Chartered Institute of Administration
- Formation: 1987
- Type: Professional association
- Headquarters: Lagos
- Region served: Nigeria
- Members: ACIA, MCIA, FCIA
- Official language: English
- President: Adm. (Dr.) Festus Oshoba
- Immediate Past President: Adm. Samson Olopade
- Past President: Adm. (Prof.) G. U. K. Chima
- Past President: Adm. (Dr.) Goddy Idaminabo
- Website: www.cia.org.ng
- Remarks: 08091505837

= Chartered Institute of Administration =

Nigerian professional body

The Chartered Institute of Administration (CIA) is a Nigerian professional body established in 1987 that regulates training and practice of Administration in the public and private sectors.

The CIA was chartered by Act No 103, No. 76 Vol. 79 of 31 December 1992.

In December 2012 the CIA invested its seventh president, Dr. Goddy Idaminabo (now the immediate past president), at the institute's 23rd induction ceremony, which was held in Lagos. Three fellows were inducted, nine full members and 122 associate members.

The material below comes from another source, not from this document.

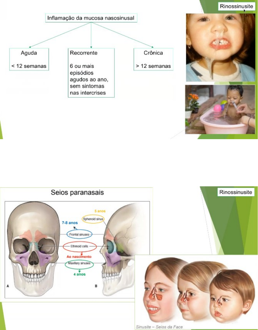 INFECÇÃO DE VIA AÉREA SUPERIOR - IVAS · Tosse piora à noite na IVAS devido ficar deitado, drena a secreção para a retrofaringe, e a tosse é um mecanismo protetor. · Seios maxilares só começam a areação aos 4 anos, os seios frontais só aos 7 ou 8 anos. Por isso só depois dos 4 anos costuma ocorrer sinusite. · Os únicos que já são areados ao nascer são os seios etmoidais. · Secreção amarelada de via aérea superior não significa necessariamente infecção bacteriana, pode ser só resto celular. · A maioria das rinossinusites começa com quadro viral. · RSA viral: resfriado, gripe. · No resfriado as 72 primeiras horas é muito ruim e depois de 72 horas começa a melhorar e a secreção fica mais espessa. E geralmente essa secreção espessa e amarelada é pela manhã, quando a secreção ficou parada à noite toda e teve resto celular, mas no resto dia fica secreção clara. · Secreção parada pode ter uma infecção secundária bacteriana: isso é rinossinusite pós viral. Deve ser suspeitada quando o paciente que vinha com um quadro só de gripe e estava começando a melhorar e aí teve uma piora após 5 dias, voltou a ter febre, caiu estado geral, aí pode ser rinossinusite pós viral. OU faz 10 dias que está com secreção parada, amarelada, espessa PERSISTENTE. · RSA bacteriana: secreção mucopurulenta nasal (o dia inteiro, e não somente pela manhã), febre, dor facial, piora clínica, duração menor que 12 semanas. · Rinossinusite viral: Gripe e resfriado tem duração menor que 10 dias. · Gripe: é devido influenza · Resfriado comum: rinovírus, coronavírus, adenovírus e os outros tipos. · Início dos sintomas da gripe é súbita, do resfriado é gradual. · Mucolítico: n-acetilcisteina · Não usar solução salina hipertônica pois isso desidrata, pois pode causar fragilidade dos vasos e causar epistaxe. · Tem que usar a solução salina isotônica Nacl · SÃO PROIBIDOS – PROSCRITOS: Afrin, decongex (descongestionante nasal tópico), faz intoxicação se SNC e não deve ser passado. Porque eles fazem depressão do centro respiratório e não tem antídoto. · Não tem evidencias que antitussígenos e anti-histamínico mude o curso da doença. Mas pode prescrever porque mal não vai fazer e pode trazer tranquilidade a família. · Antitérmico: paracetamol e ibuprofeno. RINOSSINUSITE AGUDA BACTERIANA · História pregressa de 10 dias de RSA viral ou paciente estava melhorando e depois teve piora. · Secreção mucopurulenta nasal ou retro nasal (que fica o dia inteiro, e não somente pela manhã) · Febre · Dor facial · Piora dos sintomas após fase inicial da evolução · Bactérias: s.pneumoniae, h.influenzae e M.catarrhalis. · 50% das crianças tem cura espontânea mesmo com sinusite bacteriana, mas o ATB previne complicações e causa resolução mais rápida dos sintomas. · Tratamento com ATB para prevenir: celulite periorbitária – nesses casos pedir tomografia para ver a celulite · Tratamento com ATB para sinusite é feito empiricamente que pegue as 3 bactérias mais frequentes da sinusite. · Complicações: meningite, abscesso, trombose. · Amoxicilina durante 14 dias. Dose entre 80-90mg/kg/dia pq tem cepas resistentes em SP. · Se a criança usou ATB há menos de 1 semana, usar amoxicilina com clavulanato (clavilin) · Se a criança está muito grave, usar ceftriaxone intravenosa · Diagnóstico da rinossinusite é clínico, não faz cultura de secreção. · Só faz cultura de secreção nas seguintes situações: TONSILITES(amidalite) E FARINGITES: · Tonsilite viral (amidalite): dura de 3 a 4 dias. Não costuma passar de 5 dias. · Antes dos 3 anos: prevalência bacteriana é baixa. Antes dos 3 anos a maioria dos casos é de etiologia viral a causa da amidalite. · Cocksackie: vai ter odinofagia, hiperemia de orofaringe, estomatite ulcerativa - aftas · Exantema viral: episteinn bar · Conjuntivite: adenovírus Sugere infecção bacteriana: · Adenite mesentérica causa dor abdominal, e a adenite mesentérica ocorre devido infecção bacteriana das tonsilas. · Petéquias em palato · Aumento dos linfonodos cervicais dolorosos · Amidalite bacteriana: mais frequente acima dos 3 anos, com pico entre 5 e 10 anos. · Tratamento amidalite bacteriana: ATB de escolha é penicilina · Amidalite o tratamento é sempre por 10 dias de ATB COMPLICAÇÕES · Teve história de amidalite bacteriana, Sialorreia ocorre pq a criança não consegue deglutir a saliva, odinofagia unilateral, trismo (criança não consegue abrir a boca, nem para fazer oroscopia), voz como se estivesse com uma batata quente na boca (VOZ ABAFADA). Esse abcesso peritonsilar deve internar a criança. · Mononucleose infecciosa – vírus Epstein-Barr: linfadenopatia cervical, axilar e inguinal. Exsudato na orofaringe. Rash cutâneo, hepato e esplenomegalia. LARINGITE: · Rouquidão devido edema de corda vocal, pode ter afonia, som estridor (devido diminuição da luz para passagem de ar – tosse se cachorro), tosse ladrante, dispneia. A tosse não é produtiva. · História clássica de laringite: criança que começou com quadro gripal, coriza, obstrução nasal e febre, depois de 1 ou 2 dia do quadro gripal, chama atenção a tosse e rouquidão, e depois estridor laríngeo. · Quando a criança chora, piora tosse e piora dispneia na laringite, podendo piorar hipoxemia. · Vírus parainfluenza e influenza SÍNDROME DO CRUPE: TOSSE LADRANTE, ESTRIDOR, ROUQUIDÃO · Quadro viral é a principal causa de estridor agudo. · Assim que inicia com tosse rouca e estridor, a criança piora nas próximas 72 horas. FAZER ESSE ESCORE PARA DEFINIR CONDURA: · Tratamento da laringite leve: dexametasona (por 5 dias) e alta para casa · Quadro moderado: inalação com adrenalina diluída no soro fisiológico, a adrenalina vai fazer vasoconstrição e diminuição do edema, melhorando a luz das vias aéreas. – vai ajudar na melhora da tosse, estridor. Faz dexametasona e ob

In May 2013, Idaminabo criticized the Central Bank of Nigeria for a "policy somersault" when they introduced polymer bank notes, then soon afterwards announced plans to withdraw them.

In June 2013, Idaminabo announced that the CIA was planning to act as host to the Pan African All Administrators conference. In an interview with The Guardian (Nigeria), he stressed the importance of properly trained and qualified administrators, asserting that this would even help reduce corruption.

Hajiya Zainab Maina, appointed Minister of Women Affairs and Social Development in July 2011, is a Fellow of the institute (FCIA).
King Emmanuel Adebowale Adebayo of Emure Ekiti, formerly the Nigerian Chief of Police, is another fellow.

Chief Richard Onwuka Egbule, appointed chairman of the National Salaries, Incomes and Wages Commission in August 2009, is a Fellow.
The poet Tochukwu Callistus Ipere is a distinguished graduate.